→ **TASK INSTRUCTIONS**
Every record should be written out exactly, with the pictures left out.

◆ ◆ ◆ ◆ ◆

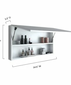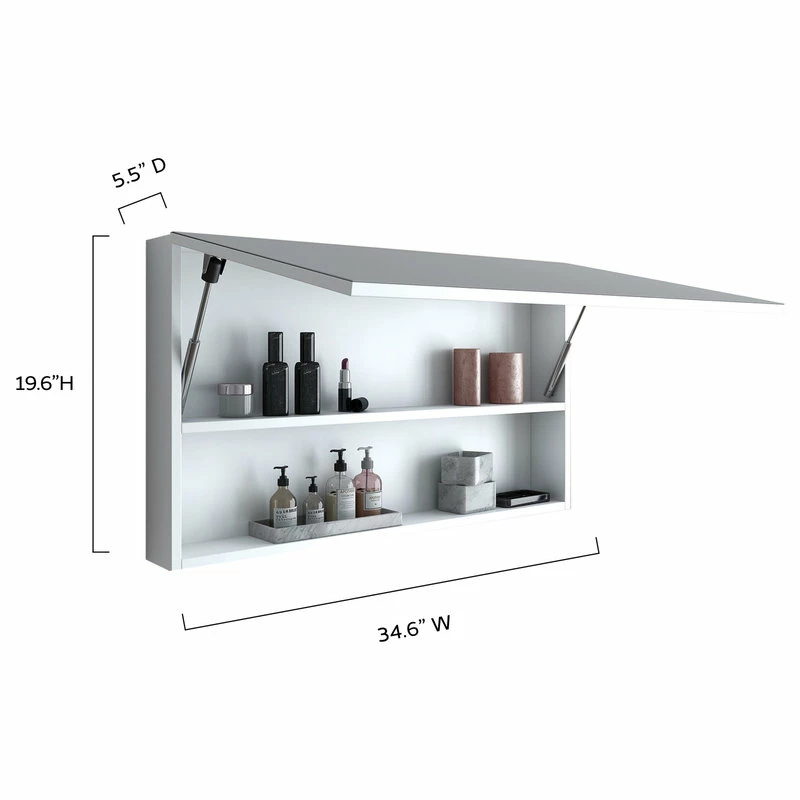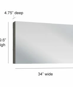 DIMENSIONS – Assembled cabinet measures 34″ wide, 19.6″ high, and extends just 4.75″ from the wall. Assembly and mounting required. Mounting hardware included.
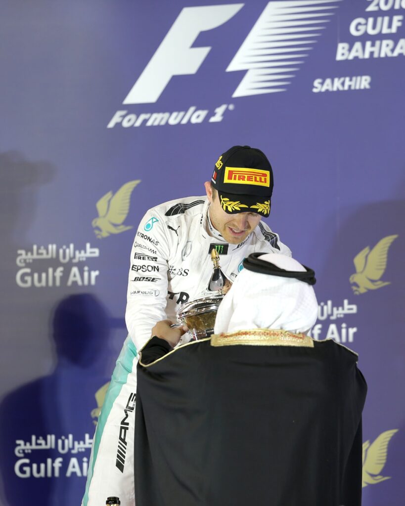 سمو ولي العهد يتوج نيكو روزبيرغ بطلا لجائزة البحرين الكبرى لطيران الخليج
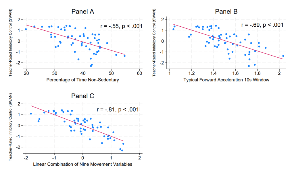 My colleagues and I recently showed that preschool children’s typical intensity of forward acceleration during the school day was strongly related to teacher reports of their attention and inhibitory control (Koepp & Gershoff, 2024, Child Development; Koepp et al., 2022, Developmental Science). We applied machine learning methods ideally suited to the high-volume data to identify temporal patterns of children’s behavior.
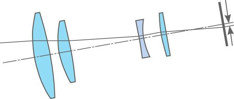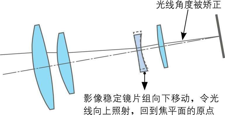 当镜头向下倾斜时,相机抖动使光线射向焦平
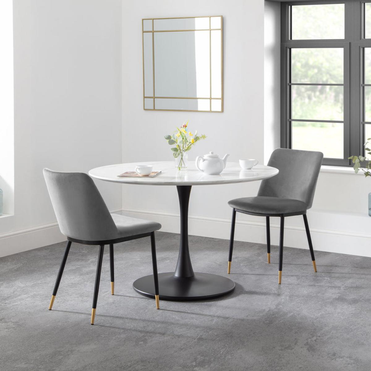 The Delaunay Dining Chair offers a simple, modern design finished in a Grey Velvet with black legs and brushed brass tips for an elegant finish. Perfect for adding a touch of glamour to your living room or kitchen space, this elegant chair will perfectly match a range of dining tables. The Delaunay Chair is available in a variety of colours. Dimensions: H: 83 x W: 50 x D: 59 cm Materials: Velvet/Metal Assembly Required:Yes Care Instructions:Wipe with a clean damp cloth. Avoid household cleaners & abrasives
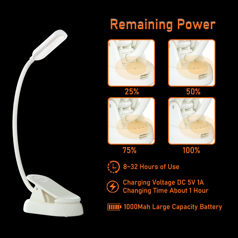 1.5W 120lm Led Book Light 4000K Full Spectrum & 1600K Amber Color Reading Light Black Body Book Light
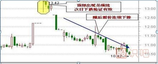 個股運行至高位,突然某個60分鐘內拋盤不斷涌出,導致股價快速回落,隨后買盤涌入,股價逐步回升至上一個60分鐘K線收盤價附近,形成一根吊頸線。此K線是較為明顯的看空形態(tài),當?shù)跏拙€出現(xiàn)的次日向下跳空缺口越大,表示下跌的可能性越大。
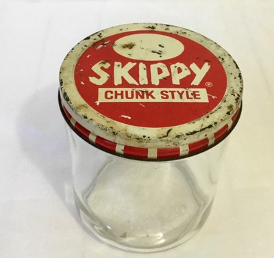 Vintage 1940s Skippy Peanut Butter Jar and Lid Vintage 1940s Skippy Peanut Butter Jar and Lid $ 14.00 USD Sold out Pay in 4 interest-free installments for orders over $50 with Learn more Quantity Sold out Free shipping for orders over $ 100.00 ! Just $ 100.00 left If you're a peanut butter lover, like me, you'll love this. Glass jar with Skippy lid, circa the 40s, or so.

◆ ◆ ◆ ◆ ◆

→ **COMPLETED EXERCISE**
 DIMENSIONS – Assembled cabinet measures 34″ wide, 19.6″ high, and extends just 4.75″ from the wall. Assembly and mounting required. Mounting hardware included.
 سمو ولي العهد يتوج نيكو روزبيرغ بطلا لجائزة البحرين الكبرى لطيران الخليج
 My colleagues and I recently showed that preschool children’s typical intensity of forward acceleration during the school day was strongly related to teacher reports of their attention and inhibitory control (Koepp & Gershoff, 2024, Child Development; Koepp et al., 2022, Developmental Science). We applied machine learning methods ideally suited to the high-volume data to identify temporal patterns of children’s behavior.
 当镜头向下倾斜时,相机抖动使光线射向焦平
 The Delaunay Dining Chair offers a simple, modern design finished in a Grey Velvet with black legs and brushed brass tips for an elegant finish. Perfect for adding a touch of glamour to your living room or kitchen space, this elegant chair will perfectly match a range of dining tables. The Delaunay Chair is available in a variety of colours. Dimensions: H: 83 x W: 50 x D: 59 cm Materials: Velvet/Metal Assembly Required:Yes Care Instructions:Wipe with a clean damp cloth. Avoid household cleaners & abrasives
 1.5W 120lm Led Book Light 4000K Full Spectrum & 1600K Amber Color Reading Light Black Body Book Light
 個股運行至高位,突然某個60分鐘內拋盤不斷涌出,導致股價快速回落,隨后買盤涌入,股價逐步回升至上一個60分鐘K線收盤價附近,形成一根吊頸線。此K線是較為明顯的看空形態(tài),當?shù)跏拙€出現(xiàn)的次日向下跳空缺口越大,表示下跌的可能性越大。
 Vintage 1940s Skippy Peanut Butter Jar and Lid Vintage 1940s Skippy Peanut Butter Jar and Lid $ 14.00 USD Sold out Pay in 4 interest-free installments for orders over $50 with Learn more Quantity Sold out Free shipping for orders over $ 100.00 ! Just $ 100.00 left If you're a peanut butter lover, like me, you'll love this. Glass jar with Skippy lid, circa the 40s, or so.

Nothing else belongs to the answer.